James B. Whiteside is a triple-threat act.

“Performing, for me, is the culmination of a lot of work,” Whiteside told In The Know. “I step out on stage and I become a different person.”

That’s many different people to be exact. Whiteside has been a principal ballet dancer with the American Ballet Theatre since 2012, goes by the stage name JbDubs to produce electronic dance hall music and performs as a drag queen throughout New York City — to name a few major highlights from his impressive resume.

Whiteside has been dancing since he was nine but didn’t start training in classical ballet until he was a teenager. “When I was younger, I felt a lot of insecurity when I was dancing, actually,” Whiteside said. “I was very self-aware in a negative way.”
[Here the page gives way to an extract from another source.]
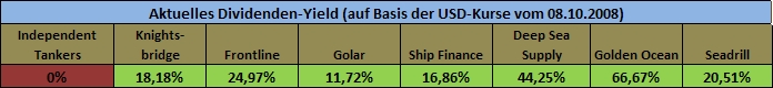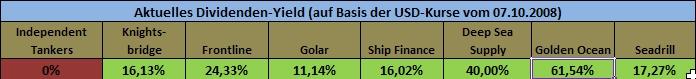 Dagobert2 Oktober 8, 2008 Kaum hat man Urlaub und zwei Wochen keinen Internetzugang und schon steht alles an den Börsen auf dem Kopf und selbst die verrücktesten Kauflimits sind gerissen und unterboten Anyway, ich bin wieder da und wollte mal ein kurzes Update zum aktuellen Dividendenyield der JF Unternehmen geben: Bis morgen werden wohl noch ein paar Prozentpunkte dazu kommen. Ob die Dividenden in der Höhe tatsächlich noch ausbezahlt werden wird sich zeigen müssen, ich bleibe optimistisch, was bleibt einem sonst auch übrig. Der CEO von Golden Ocean hat übrigens kürzlich die 0,30 USD für die kommenden 6 Quartale "bestätigt", allerdings fügte er hinzu dass dies abhängig sei von evt. anderen Investitionmöglichkeiten. Der CEO von Frontline hatte ja letzte Woche erwähnt dass es für das Unternehmen in Kürze interessante Kaufmöglichkeiten geben wird.... Bin natürlich nach wie vor investiert und warte auf weitere Kaufpunkte! Mal schauen wie weit die Kurse der JF Unternehmen noch nachgeben werden.... Diesen Beitrag teilen Link zum Beitrag

Credit: Cyle Suesz for In The Know

A lot has changed since then. “As I get older and I gain confidence and experience, I can actually lose my insecurity while I’m on stage. And those are the times when I really feel like I might be doing the right thing.”

In ballet, principal dancers are respected throughout the dance world and also earn the biggest, headlining roles. To earn a spot requires years of learning technique and working up the ladder — sometimes rehearsing for 12 hours a day.

“With classical ballet, I reign in my character a little bit,” Whiteside explains. “But I need an outlet, so that’s why I created my alter egos.”

JbDubs — Whiteside’s “pop star alter ego” — racks up hundreds of thousands of videos on YouTube, where Whiteside posts a mix of his original tracks and music videos. Whiteside also performs drag as Ühu Betch throughout New York City, along with his boyfriend Dan, in a group called the Dairy Queens.

“Being myself or not being myself doesn’t really feel like a question. It’s a very obvious choice for me and I’ve been very fortunate to be able to express myself,” Whiteside said. “‘Black Swan’ would have you believe that we’re all insane and horrible to each other, but we’re really supportive, kind people.”

Credit: Cyle Suesz for In The Know

To fulfill all of these creative roles, Whiteside works hard every day. It helps tremendously that he’s come to a place in his career and life as a dancer to feel content with everything going on around him.

“I always really was comfortable with myself — it’s other people who weren’t comfortable with me,” he said. “And so, to have a space where you could be embraced and all that bull**** flies away, and you’ve got music and work. And I just dance.”